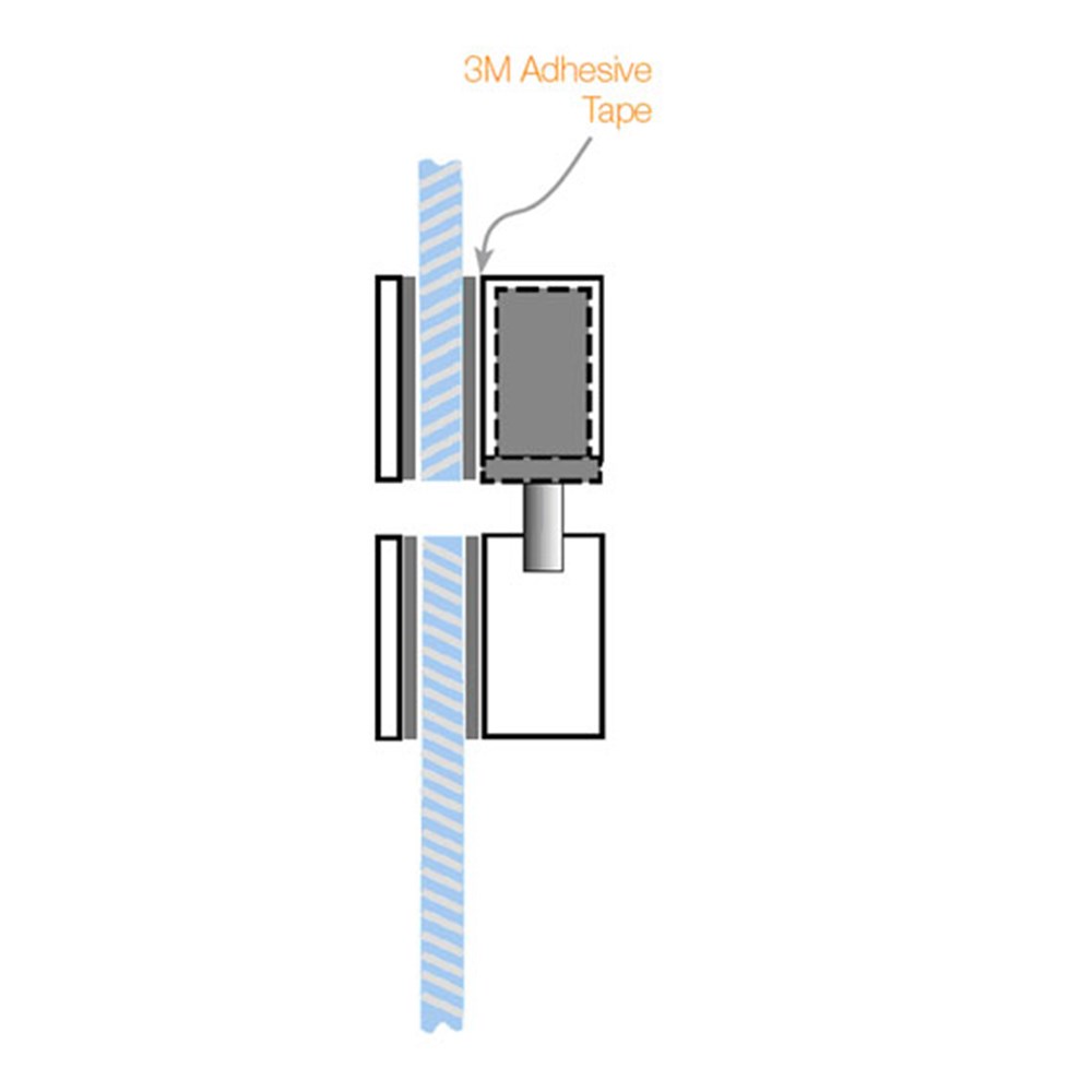 The ES8000 Glass door bracket is fixed to the glass by means of 3M self adhesive tape. This type of fixing gives a great aesthetic appearance as well as easy installation.
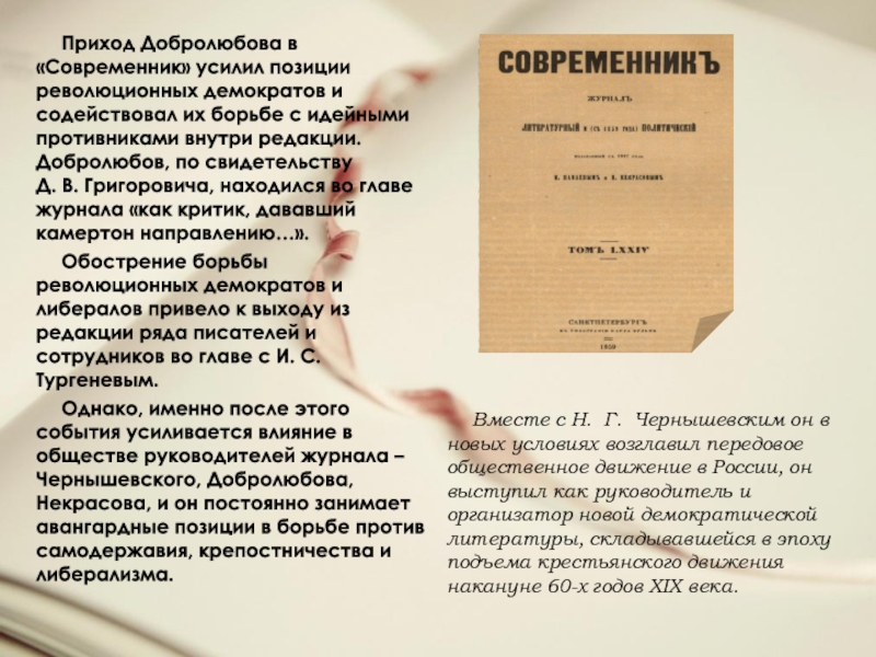 Слайд 14Приход Добролюбова в «Современник» усилил позиции революционных демократов и содействовал их
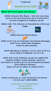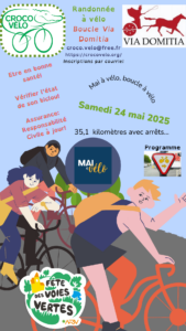 Crocovelo vous propose une randonnée a Vélo le 25 Mai 2025 sur la ViaDomitia !!! Venez nombreux !!!
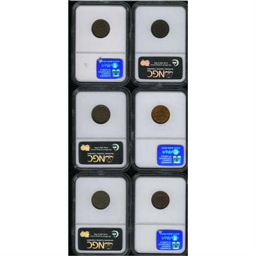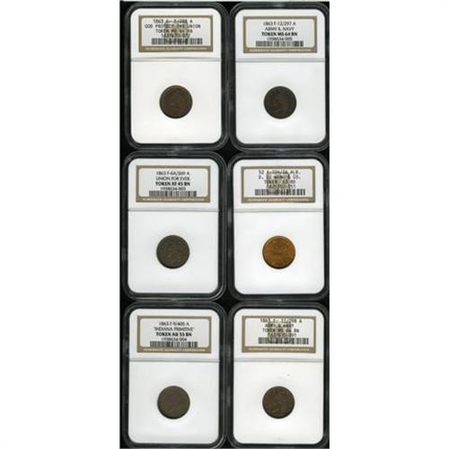 <B>Civil War Group Lot.</B></I> Consists of: an <B>1863 God Protect the Union, Fuld-5/288A, R.2, MS64 Red and Brown NGC; 1863 Union For Ever, Fuld-6A/269A, R.3, XF45 NGC; "Indiana Primitive," Fuld-9/405A, R.6, AU53 NGC; 1863 Army & Navy, Fuld-11/298, R.1, MS64 Brown NGC;</B></I> and an <B>1863 Army & Navy, Fuld-12/297A, MS64 Brown.</B></I> Also includes an <B>(1861-65) D.L. Wing & Co., Albany, NY, Fuld-NY-10H-2a, R.1, MS63 Red NGC.</B></I> The catalog value of these high-grade pieces should be about $250-$350.<BR><BR><b>Shipping:</b> Coins & Currency (<a target="_blank" href="http://www.heritageauctions.com/common/shipping.php">view shipping information</a>)
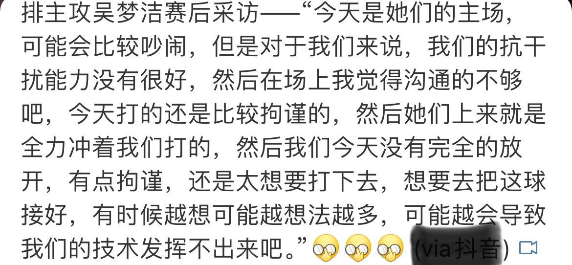 吴梦洁将失利原因归咎于上海主场太吵?0-3惨败给上海女排赛后,江苏女排核心吴梦洁接受了记者的采访。首先,她提到上海主场可能比较吵,随后,她也提及了失利的重点就是太想打下去,所以,想赢怕输的心态在强队对决中可能就是最致命的因素,江苏队如果不能把这心态调整过来,就称不上真正的强队,4月1日的决胜场也可能再次失利从而使得卫冕的愿望泡汤!
========
WORK INSTRUCTIONS:
Every line of the listing above is to be retyped exactly, but the pictures are to be dropped.

RESPONSE FOR THIS EXERCISE:
 The ES8000 Glass door bracket is fixed to the glass by means of 3M self adhesive tape. This type of fixing gives a great aesthetic appearance as well as easy installation.
 Слайд 14Приход Добролюбова в «Современник» усилил позиции революционных демократов и содействовал их
 Crocovelo vous propose une randonnée a Vélo le 25 Mai 2025 sur la ViaDomitia !!! Venez nombreux !!!
 <B>Civil War Group Lot.</B></I> Consists of: an <B>1863 God Protect the Union, Fuld-5/288A, R.2, MS64 Red and Brown NGC; 1863 Union For Ever, Fuld-6A/269A, R.3, XF45 NGC; "Indiana Primitive," Fuld-9/405A, R.6, AU53 NGC; 1863 Army & Navy, Fuld-11/298, R.1, MS64 Brown NGC;</B></I> and an <B>1863 Army & Navy, Fuld-12/297A, MS64 Brown.</B></I> Also includes an <B>(1861-65) D.L. Wing & Co., Albany, NY, Fuld-NY-10H-2a, R.1, MS63 Red NGC.</B></I> The catalog value of these high-grade pieces should be about $250-$350.<BR><BR><b>Shipping:</b> Coins & Currency (<a target="_blank" href="http://www.heritageauctions.com/common/shipping.php">view shipping information</a>)
 吴梦洁将失利原因归咎于上海主场太吵?0-3惨败给上海女排赛后,江苏女排核心吴梦洁接受了记者的采访。首先,她提到上海主场可能比较吵,随后,她也提及了失利的重点就是太想打下去,所以,想赢怕输的心态在强队对决中可能就是最致命的因素,江苏队如果不能把这心态调整过来,就称不上真正的强队,4月1日的决胜场也可能再次失利从而使得卫冕的愿望泡汤!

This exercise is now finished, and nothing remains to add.